- EXERCISE DIRECTIONS: In the data below, begin at the line with "摸了个螃蟹,捡了一堆饵料袋,不算空" and stop after the line with "Roer goed door, doe"; output those lines exactly and no pictures.

- RECORDS FOR THE TASK:
· · · · · · ·

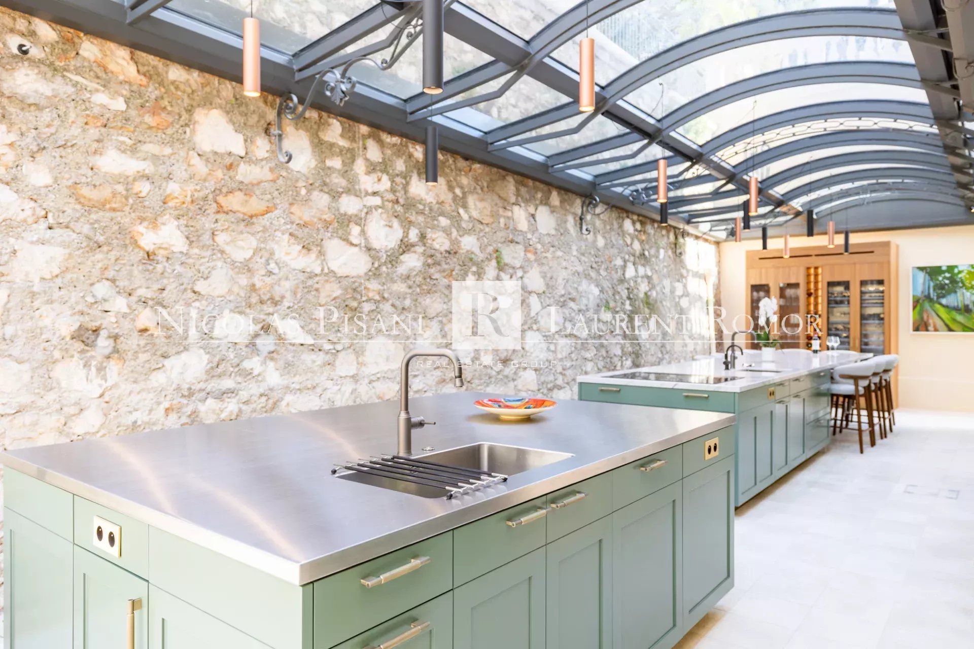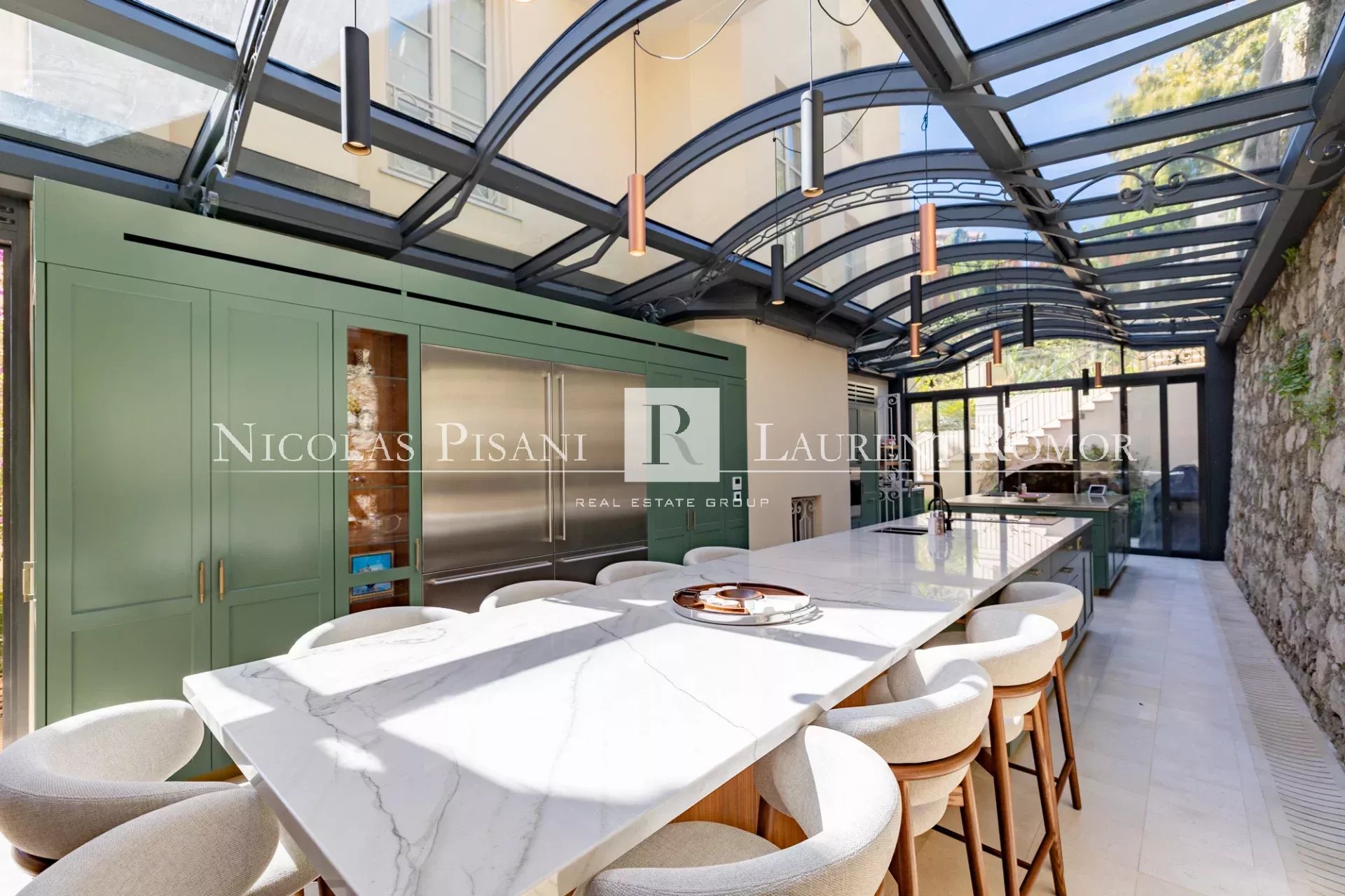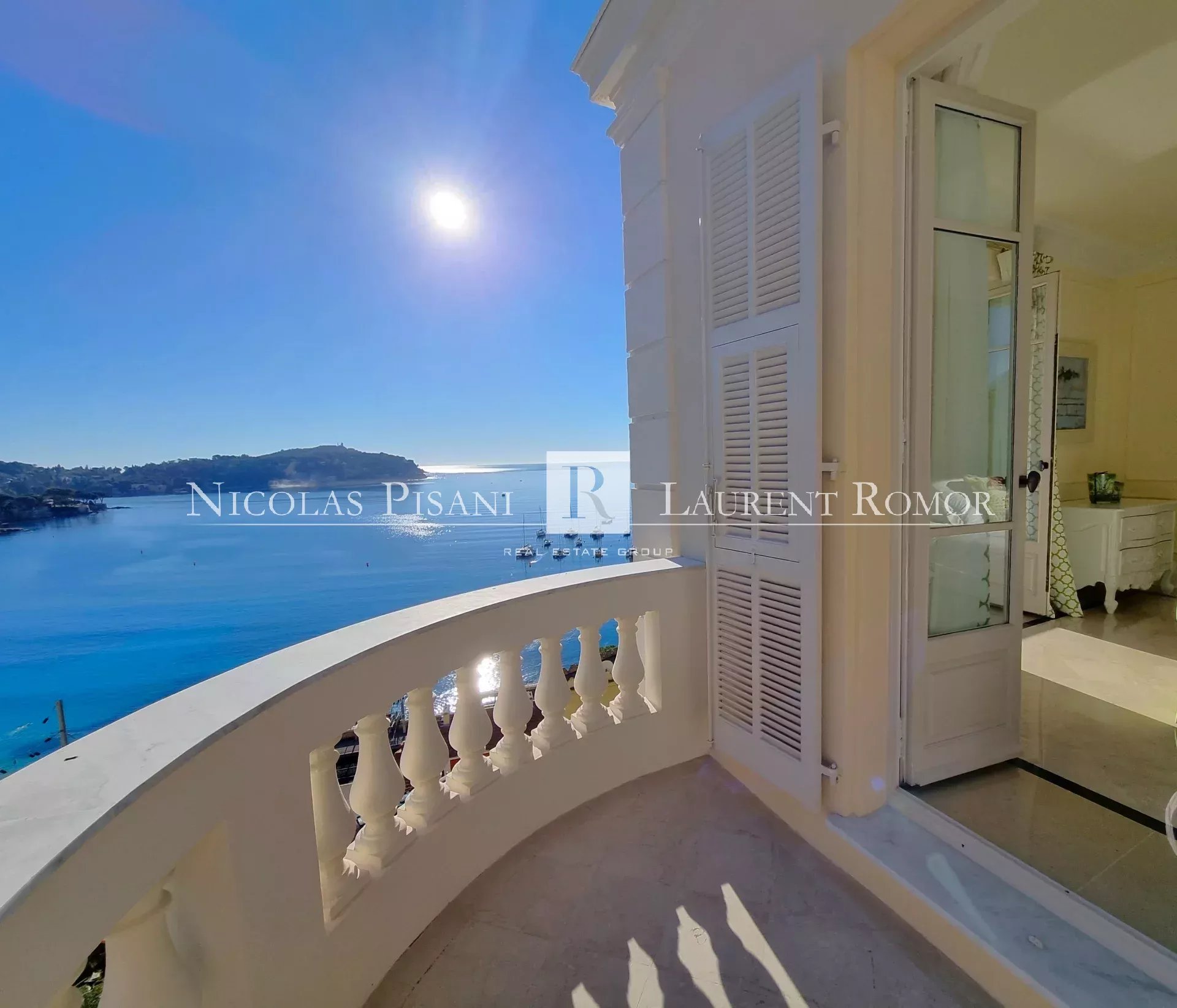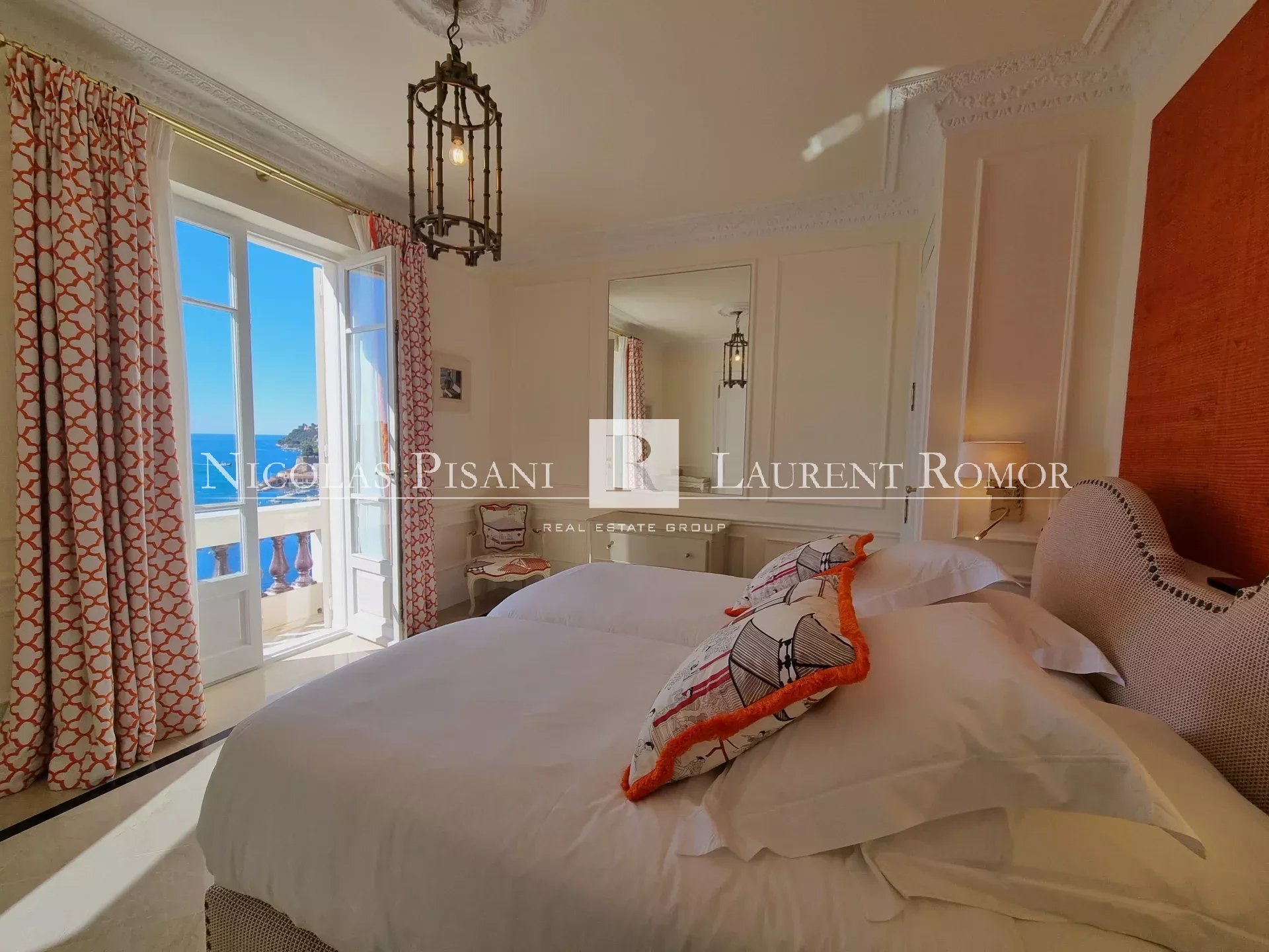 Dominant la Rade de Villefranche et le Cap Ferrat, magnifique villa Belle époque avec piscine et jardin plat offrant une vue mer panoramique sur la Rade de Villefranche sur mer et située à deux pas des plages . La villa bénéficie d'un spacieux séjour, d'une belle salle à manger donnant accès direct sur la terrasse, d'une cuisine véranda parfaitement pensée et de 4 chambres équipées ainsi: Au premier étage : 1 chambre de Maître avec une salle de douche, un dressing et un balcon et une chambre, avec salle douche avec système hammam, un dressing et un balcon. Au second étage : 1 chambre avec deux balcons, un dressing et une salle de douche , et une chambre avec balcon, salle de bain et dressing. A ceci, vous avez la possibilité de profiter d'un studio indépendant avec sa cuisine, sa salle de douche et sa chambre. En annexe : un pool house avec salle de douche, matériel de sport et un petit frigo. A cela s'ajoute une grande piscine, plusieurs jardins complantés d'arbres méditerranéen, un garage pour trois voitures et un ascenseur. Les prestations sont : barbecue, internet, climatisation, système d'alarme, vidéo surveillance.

· · · · · · ·

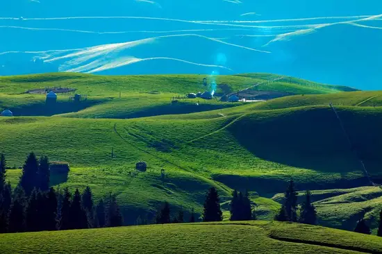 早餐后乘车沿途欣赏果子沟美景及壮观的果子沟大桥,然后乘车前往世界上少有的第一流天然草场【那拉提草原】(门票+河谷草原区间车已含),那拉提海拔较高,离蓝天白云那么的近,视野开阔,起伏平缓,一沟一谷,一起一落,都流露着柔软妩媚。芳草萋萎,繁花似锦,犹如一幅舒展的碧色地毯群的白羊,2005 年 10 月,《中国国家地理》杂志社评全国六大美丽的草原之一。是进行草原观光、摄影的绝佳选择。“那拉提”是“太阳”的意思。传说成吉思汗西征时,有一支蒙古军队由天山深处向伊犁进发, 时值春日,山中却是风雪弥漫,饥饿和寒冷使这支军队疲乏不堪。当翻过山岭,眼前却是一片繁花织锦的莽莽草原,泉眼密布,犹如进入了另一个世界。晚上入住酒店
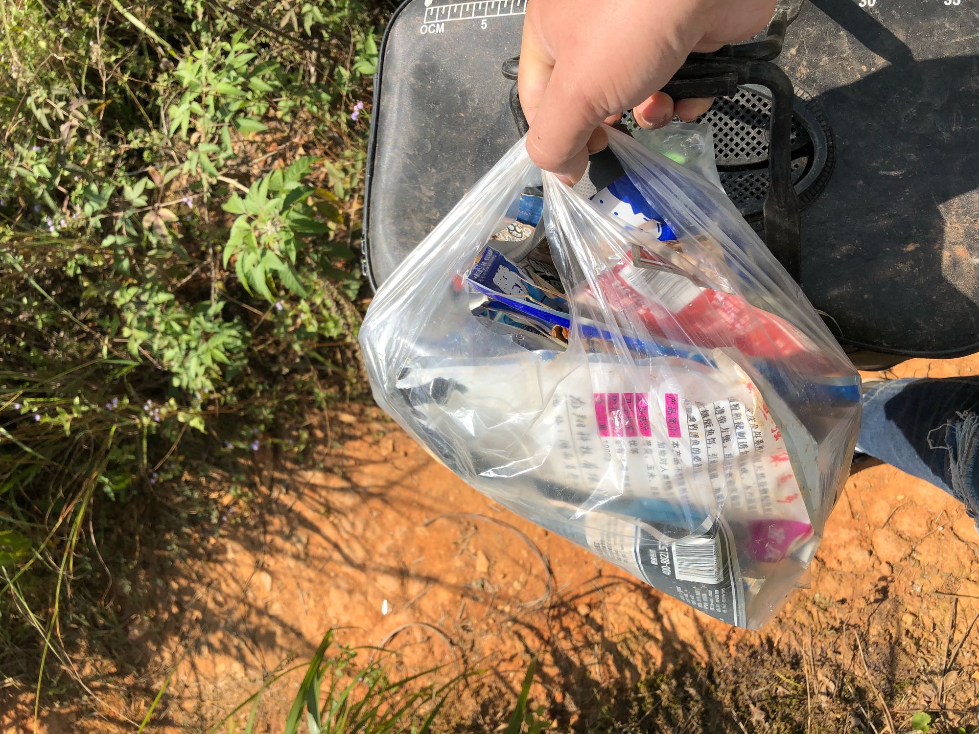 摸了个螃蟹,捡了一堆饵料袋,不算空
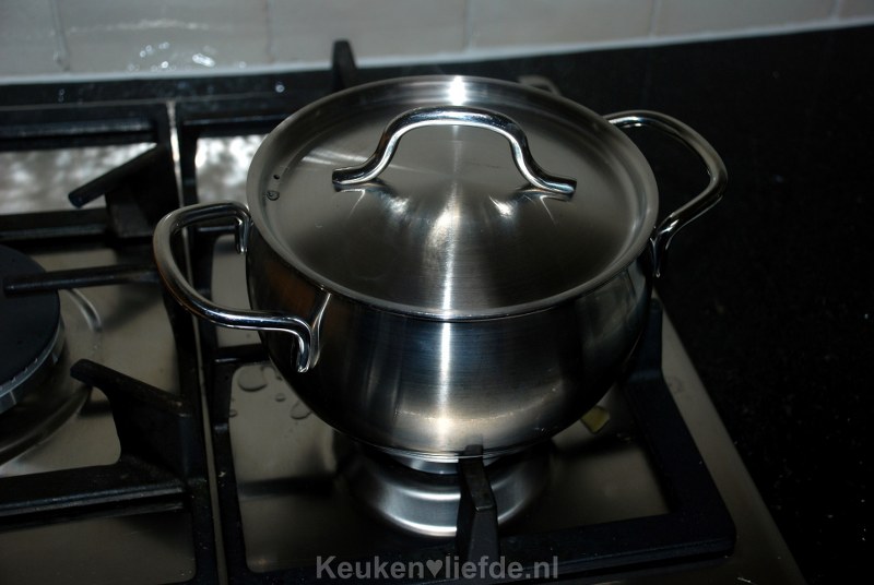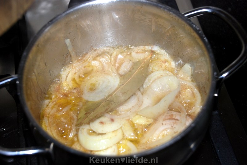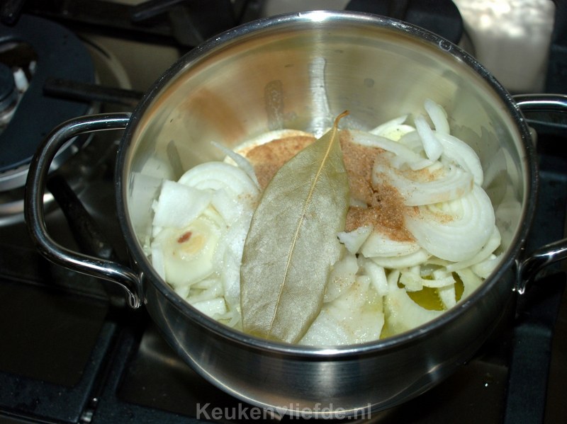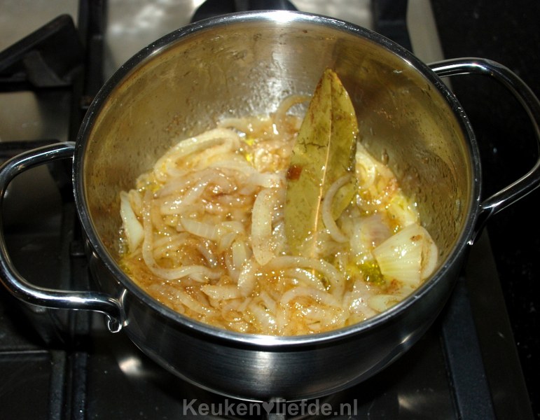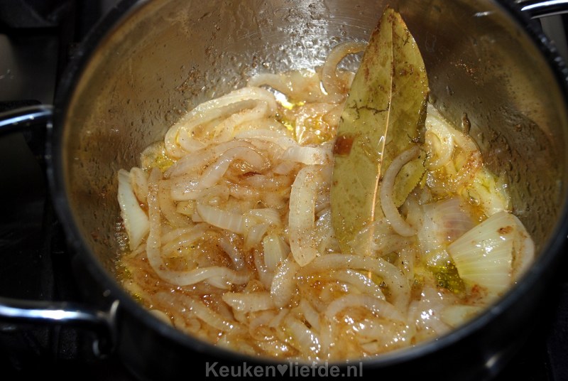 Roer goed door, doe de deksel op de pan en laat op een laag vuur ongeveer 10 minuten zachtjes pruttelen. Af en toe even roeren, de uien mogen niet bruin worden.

· · · · · · ·

- ANSWER BELOW:
 摸了个螃蟹,捡了一堆饵料袋,不算空
 Roer goed door, doe de deksel op de pan en laat op een laag vuur ongeveer 10 minuten zachtjes pruttelen. Af en toe even roeren, de uien mogen niet bruin worden.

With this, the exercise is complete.